Dass Klasse und Masse nicht grundsätzlich miteinander konkurrieren, sondern auch durchaus Hand in Hand gehen können, das bewies die Junge Philharmonie Ostwürttemberg (JPO) am Freitagabend eindrucksvoll in der Heidenheimer Waldorfschule. Anlässlich des 30-jährigen Bestehens dieses Projektorchesters, das sich aus talentierten Jungmusikerinnen und -musikern der Landkreise Ostalb und Heidenheim zusammensetzt, entstand in diesem Jahr ein absolutes Ausnahmeorchester aus aktuellen und ehemaligen Mitgliedern mit über 100 Musizierenden.
Das Ermöglichen derart nachhaltiger musikalischer Erlebnisse sowie auch die Kooperation mit der Cappella Aquileia macht die JPO, so die Heidenheimer Musikschulleiterin und JPO-Vorstandsmitglied Monika Zimmermann, zum Markenzeichen für Gemeinschafts- und Nachwuchsförderung und zur Kulturbotschafterin für die gesamte Region.
Preisgekrönten Bariton Andreas Beinhauer zu Gast
Zunächst noch ohne Verstärkung der „JPO-Veteranen“ offenbarten die jungen Instrumentalisten im Alter von 13 bis 26 Jahren mit Gustav Mahlers „Lieder eines fahrenden Gesellen“ ihre herausragenden Fähigkeiten.

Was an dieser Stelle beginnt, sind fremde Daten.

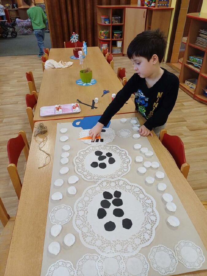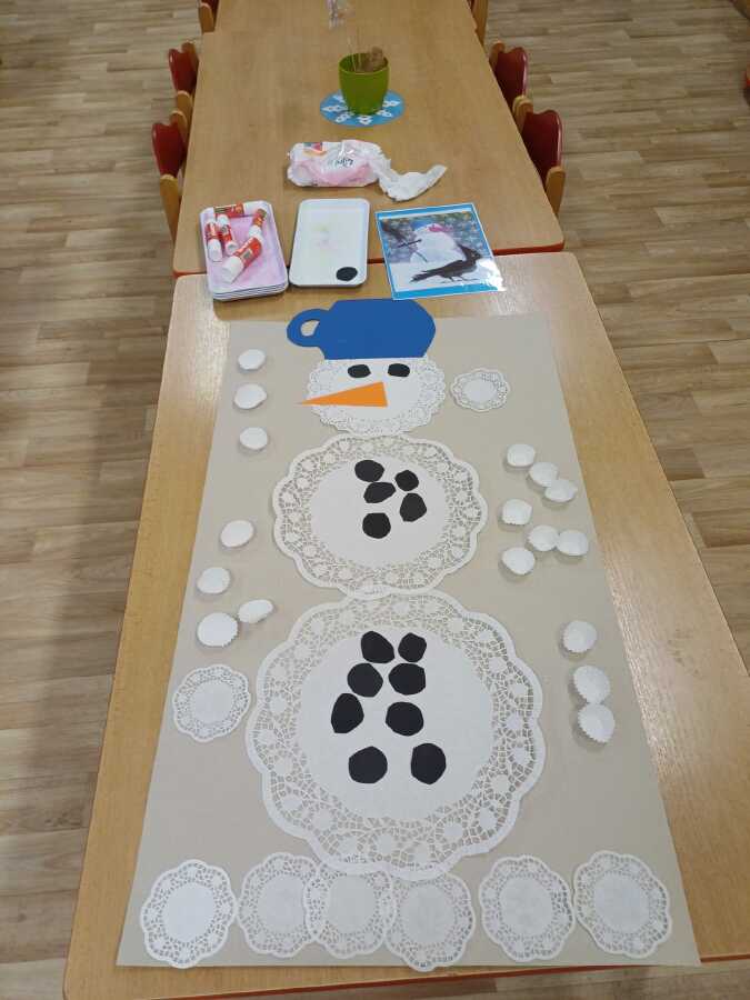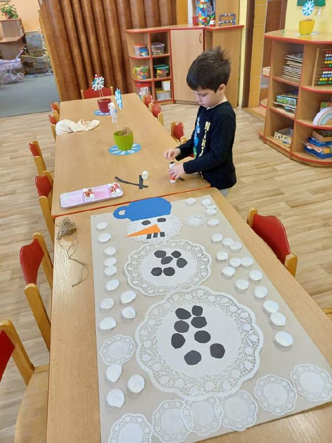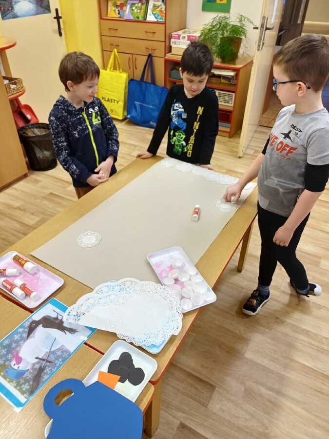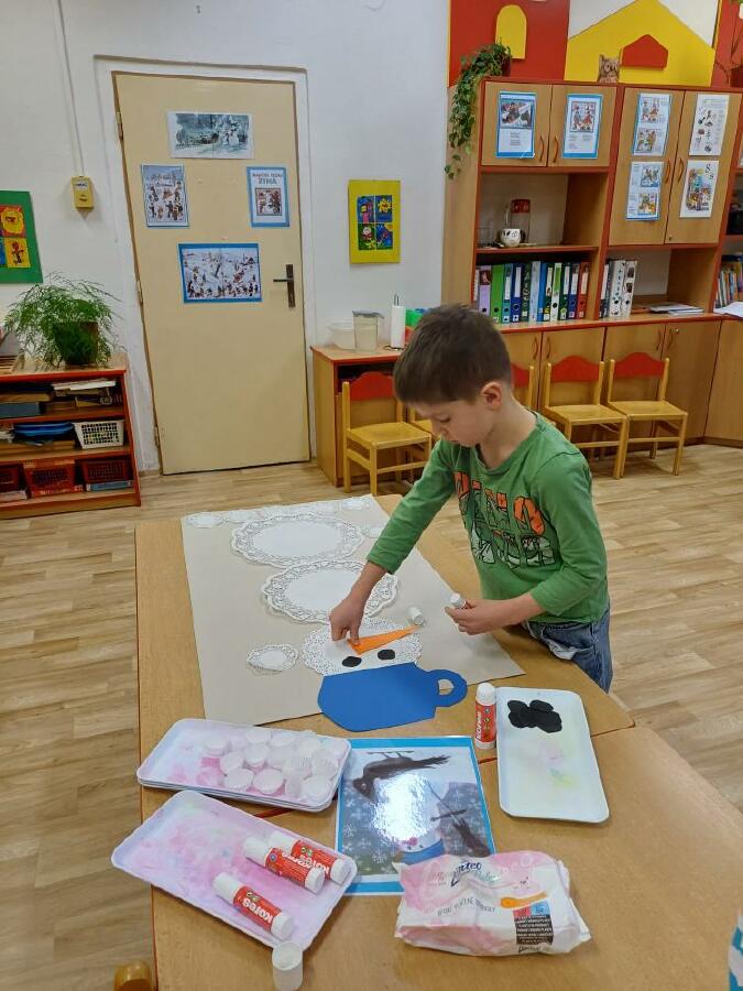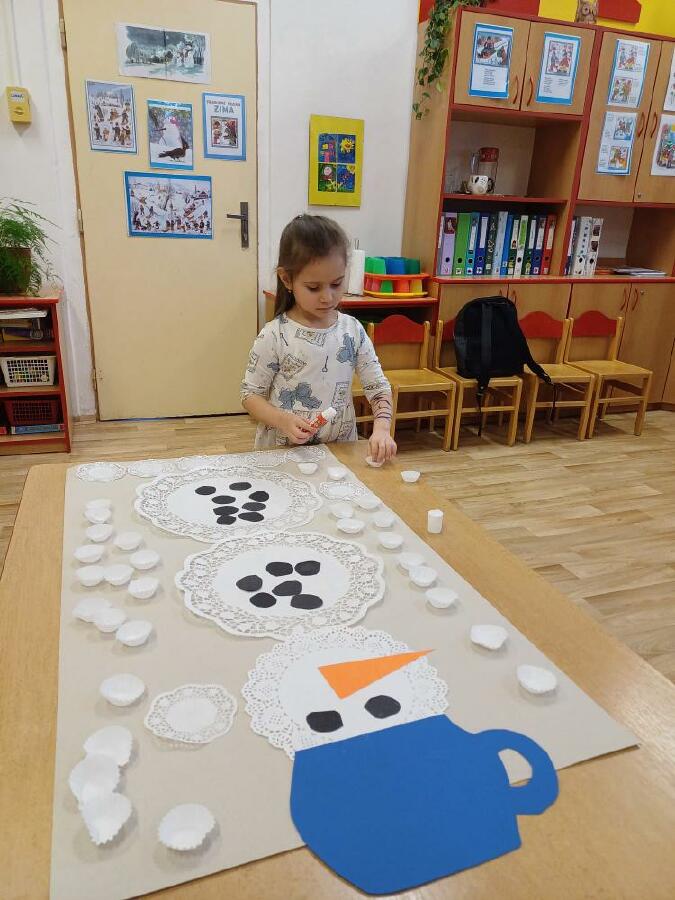 Sněhuláci-sníh-led.Společná práce,sestavování a lepení na plošeA1.Rytmizace písně - "Sněhuláčku,sněhuláčku,sněhuláčku,stojíš u nás na dvorečku"ČERVENÁ KYTIČKA.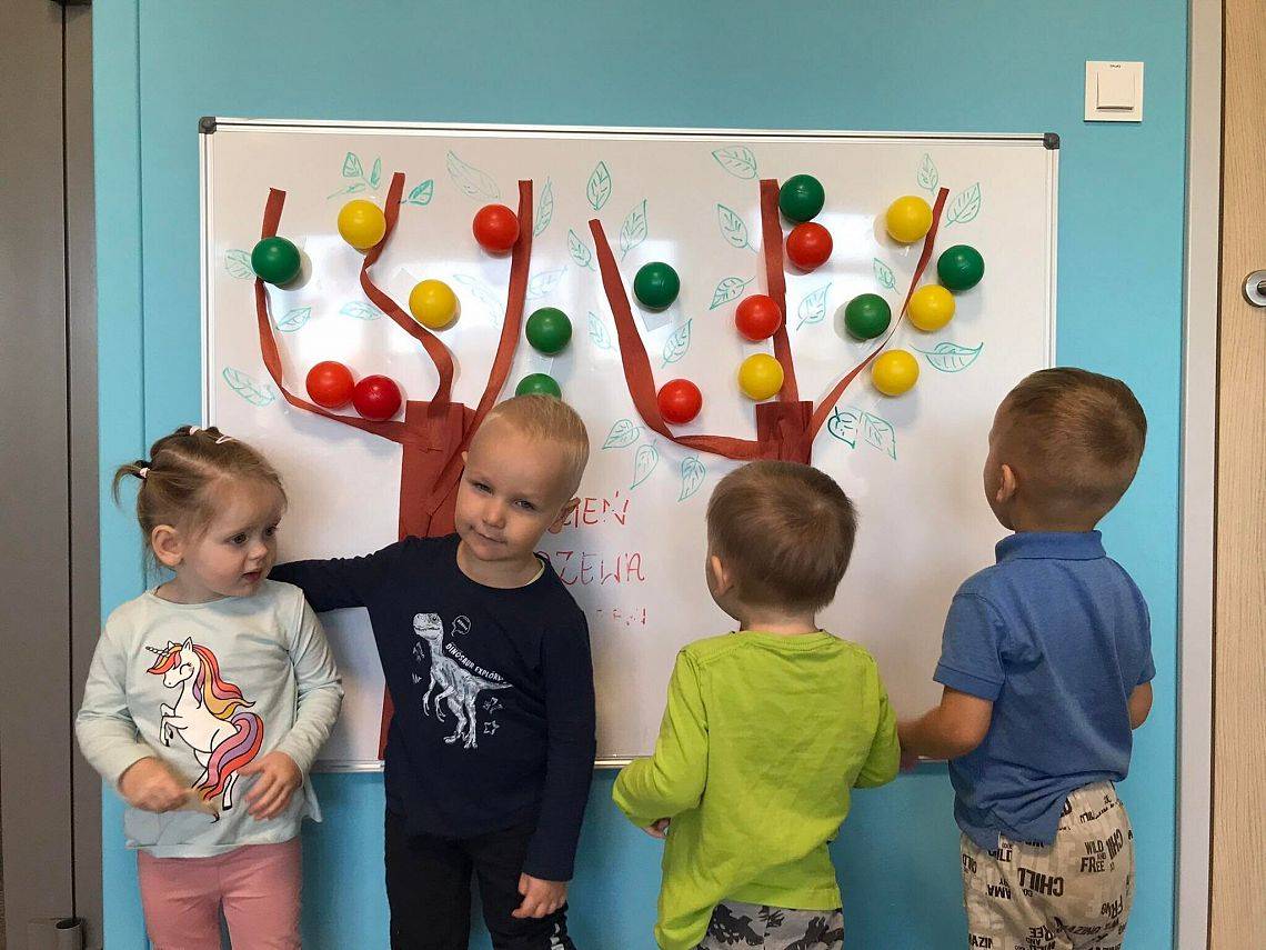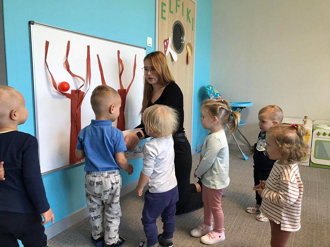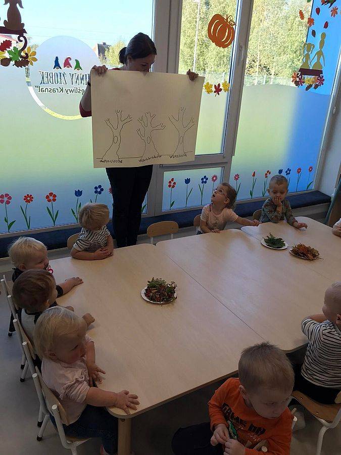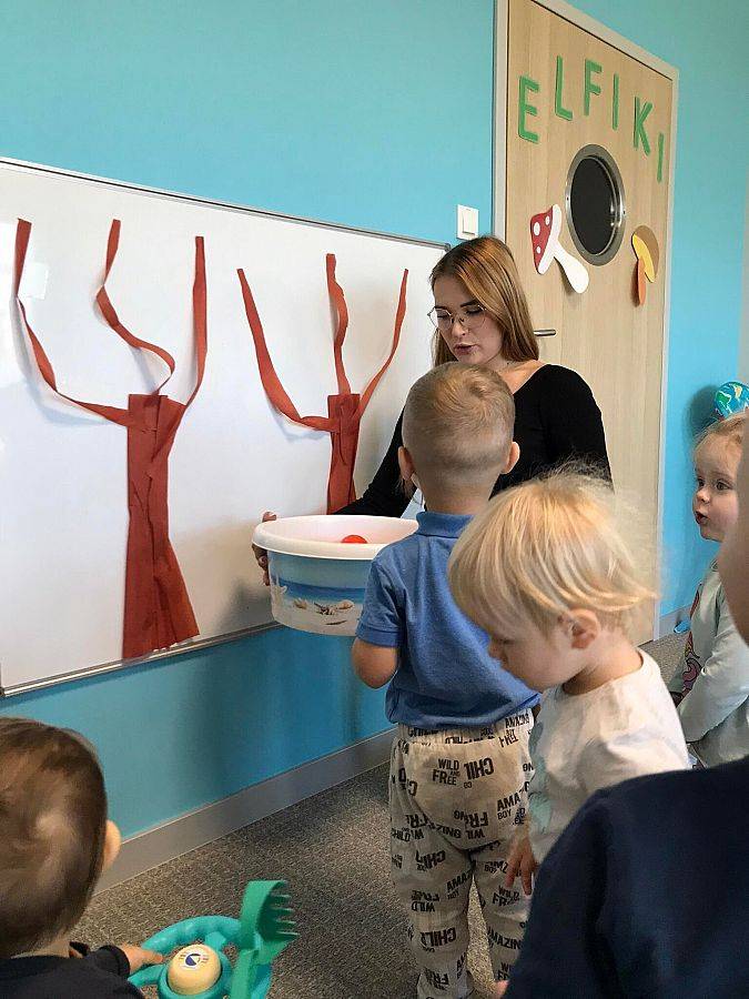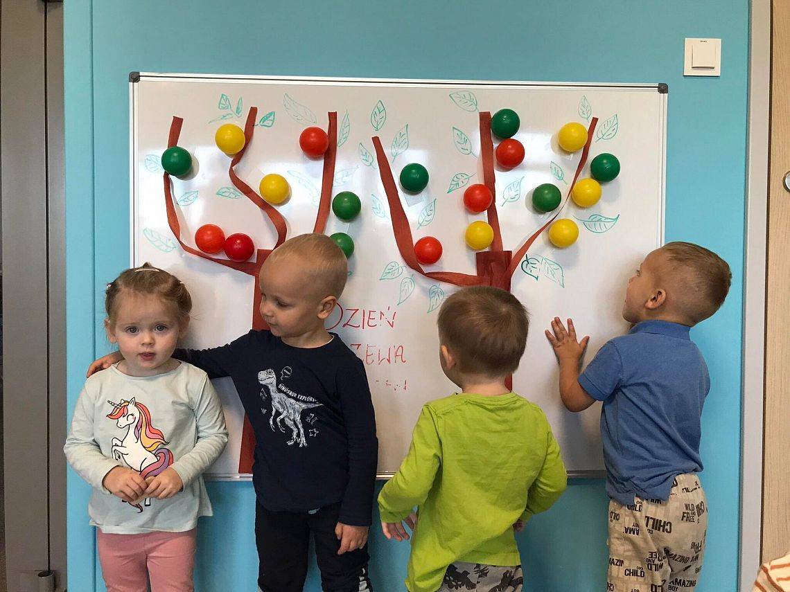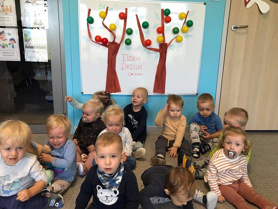 Co roku 10 października obchodzimy w Polsce Dzień Drzewa, który jest elementem edukacji ekologicznej. W naszym żłobku tego dnia odbyły się zajęcia związane z tematyką drzew, dzieci poznały budowę drzewa, jego znaczenie dla człowieka, zwierząt i przyrody. Elfiki przygotowały wspólnie z ciociami piękną pracę plastyczną z zasuszonych liści oraz przy pomocy piłeczek ćwiczyły sprawność swoich małych rączek.

Als Solisten für das vier Lieder umfassende Werk konnte die JPO den mehrfach preisgekrönten Bariton Andreas Beinhauer gewinnen.
Der gebürtige Aalener, dessen musikalische Wiege als ehemaliges Mitglied des Jungen Kammerchors Ostwürttemberg in der Region liegt, und der, ganz heimatverbunden, bereits 2022 kurzfristig im Rahmen der Heidenheimer Opernfestspiele bei Wagners „Tannhäuser“ als Wolfram von Eschenbach einsprang, harmonierte fabelhaft mit dem nuancierten Vortrag des Orchesters.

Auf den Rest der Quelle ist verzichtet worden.